Description of the task — Your reply is to be the lines below, exactly as written, with images omitted.

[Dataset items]

┌────────

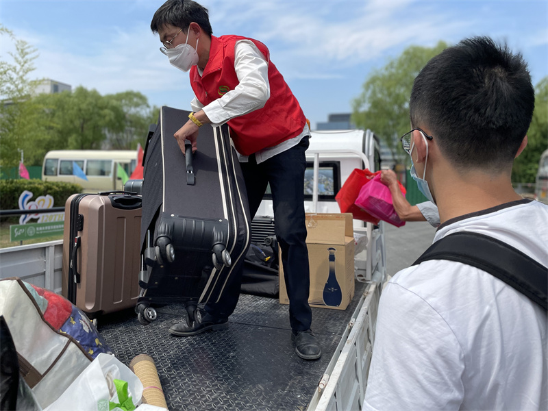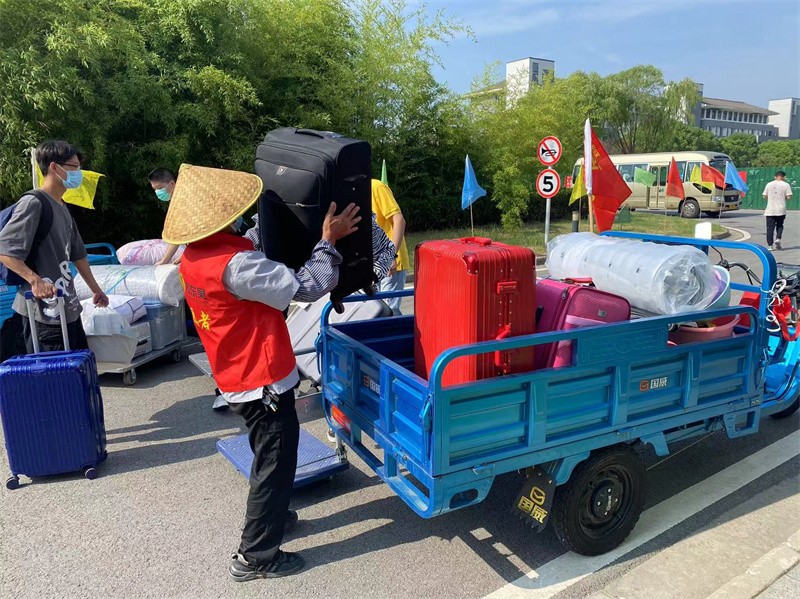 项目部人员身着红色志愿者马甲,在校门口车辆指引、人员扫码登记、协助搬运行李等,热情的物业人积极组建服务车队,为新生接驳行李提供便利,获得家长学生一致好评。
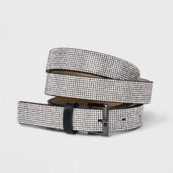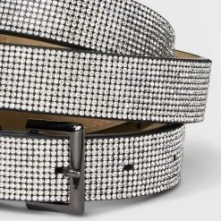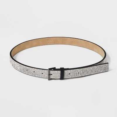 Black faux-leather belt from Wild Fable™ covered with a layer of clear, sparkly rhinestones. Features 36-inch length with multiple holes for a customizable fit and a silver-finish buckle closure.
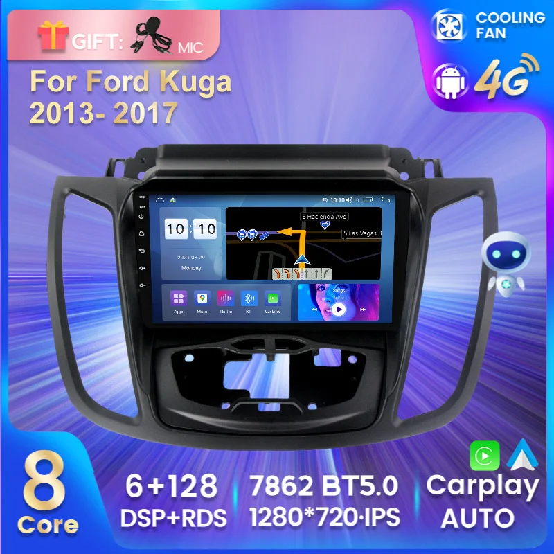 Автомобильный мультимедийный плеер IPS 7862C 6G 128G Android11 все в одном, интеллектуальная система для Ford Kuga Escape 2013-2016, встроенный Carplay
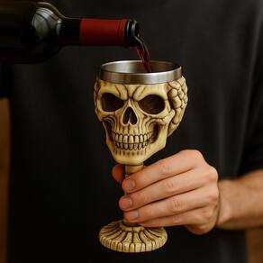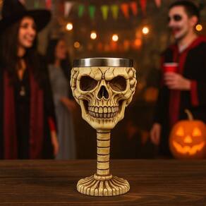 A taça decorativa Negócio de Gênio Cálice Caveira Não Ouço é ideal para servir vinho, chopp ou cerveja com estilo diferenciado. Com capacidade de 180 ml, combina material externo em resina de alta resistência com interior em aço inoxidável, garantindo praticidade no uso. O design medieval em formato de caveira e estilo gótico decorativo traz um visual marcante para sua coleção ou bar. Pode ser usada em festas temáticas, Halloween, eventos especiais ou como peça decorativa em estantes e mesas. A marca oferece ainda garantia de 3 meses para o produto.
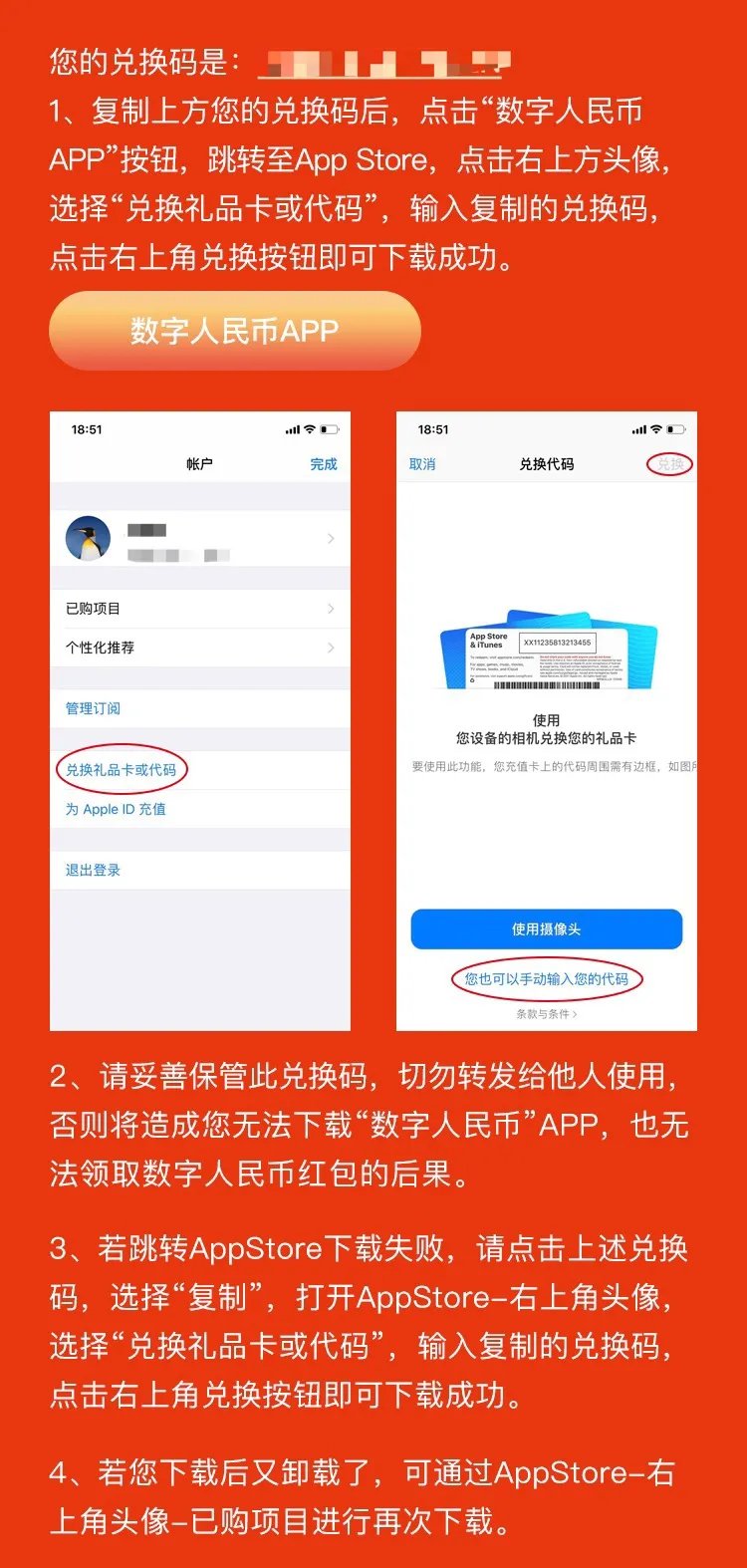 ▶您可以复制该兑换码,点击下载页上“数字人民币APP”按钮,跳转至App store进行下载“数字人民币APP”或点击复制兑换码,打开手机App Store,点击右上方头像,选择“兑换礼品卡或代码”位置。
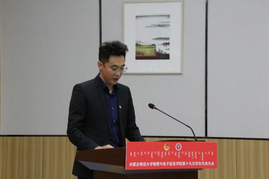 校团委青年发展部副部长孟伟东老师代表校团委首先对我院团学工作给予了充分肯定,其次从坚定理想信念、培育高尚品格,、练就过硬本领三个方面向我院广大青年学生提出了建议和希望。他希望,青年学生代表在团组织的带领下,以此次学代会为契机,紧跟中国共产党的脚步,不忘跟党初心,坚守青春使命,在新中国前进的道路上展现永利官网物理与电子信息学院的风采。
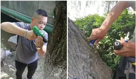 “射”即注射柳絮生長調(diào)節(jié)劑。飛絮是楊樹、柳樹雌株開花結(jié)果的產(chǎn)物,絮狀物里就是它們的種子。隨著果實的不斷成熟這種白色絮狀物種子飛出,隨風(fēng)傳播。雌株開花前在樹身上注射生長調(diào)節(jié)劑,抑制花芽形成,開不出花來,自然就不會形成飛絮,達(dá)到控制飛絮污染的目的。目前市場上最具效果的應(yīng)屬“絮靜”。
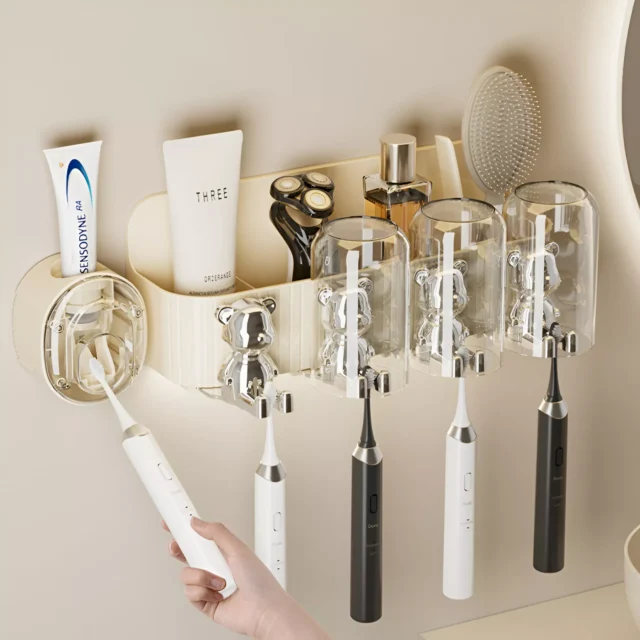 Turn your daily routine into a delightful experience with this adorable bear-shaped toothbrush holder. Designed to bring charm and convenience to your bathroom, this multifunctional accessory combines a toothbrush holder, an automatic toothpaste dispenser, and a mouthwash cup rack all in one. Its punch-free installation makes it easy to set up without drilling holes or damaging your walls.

└────────

Your response —
 项目部人员身着红色志愿者马甲,在校门口车辆指引、人员扫码登记、协助搬运行李等,热情的物业人积极组建服务车队,为新生接驳行李提供便利,获得家长学生一致好评。
 Black faux-leather belt from Wild Fable™ covered with a layer of clear, sparkly rhinestones. Features 36-inch length with multiple holes for a customizable fit and a silver-finish buckle closure.
 Автомобильный мультимедийный плеер IPS 7862C 6G 128G Android11 все в одном, интеллектуальная система для Ford Kuga Escape 2013-2016, встроенный Carplay
 A taça decorativa Negócio de Gênio Cálice Caveira Não Ouço é ideal para servir vinho, chopp ou cerveja com estilo diferenciado. Com capacidade de 180 ml, combina material externo em resina de alta resistência com interior em aço inoxidável, garantindo praticidade no uso. O design medieval em formato de caveira e estilo gótico decorativo traz um visual marcante para sua coleção ou bar. Pode ser usada em festas temáticas, Halloween, eventos especiais ou como peça decorativa em estantes e mesas. A marca oferece ainda garantia de 3 meses para o produto.
 ▶您可以复制该兑换码,点击下载页上“数字人民币APP”按钮,跳转至App store进行下载“数字人民币APP”或点击复制兑换码,打开手机App Store,点击右上方头像,选择“兑换礼品卡或代码”位置。
 校团委青年发展部副部长孟伟东老师代表校团委首先对我院团学工作给予了充分肯定,其次从坚定理想信念、培育高尚品格,、练就过硬本领三个方面向我院广大青年学生提出了建议和希望。他希望,青年学生代表在团组织的带领下,以此次学代会为契机,紧跟中国共产党的脚步,不忘跟党初心,坚守青春使命,在新中国前进的道路上展现永利官网物理与电子信息学院的风采。
 “射”即注射柳絮生長調(diào)節(jié)劑。飛絮是楊樹、柳樹雌株開花結(jié)果的產(chǎn)物,絮狀物里就是它們的種子。隨著果實的不斷成熟這種白色絮狀物種子飛出,隨風(fēng)傳播。雌株開花前在樹身上注射生長調(diào)節(jié)劑,抑制花芽形成,開不出花來,自然就不會形成飛絮,達(dá)到控制飛絮污染的目的。目前市場上最具效果的應(yīng)屬“絮靜”。
 Turn your daily routine into a delightful experience with this adorable bear-shaped toothbrush holder. Designed to bring charm and convenience to your bathroom, this multifunctional accessory combines a toothbrush holder, an automatic toothpaste dispenser, and a mouthwash cup rack all in one. Its punch-free installation makes it easy to set up without drilling holes or damaging your walls.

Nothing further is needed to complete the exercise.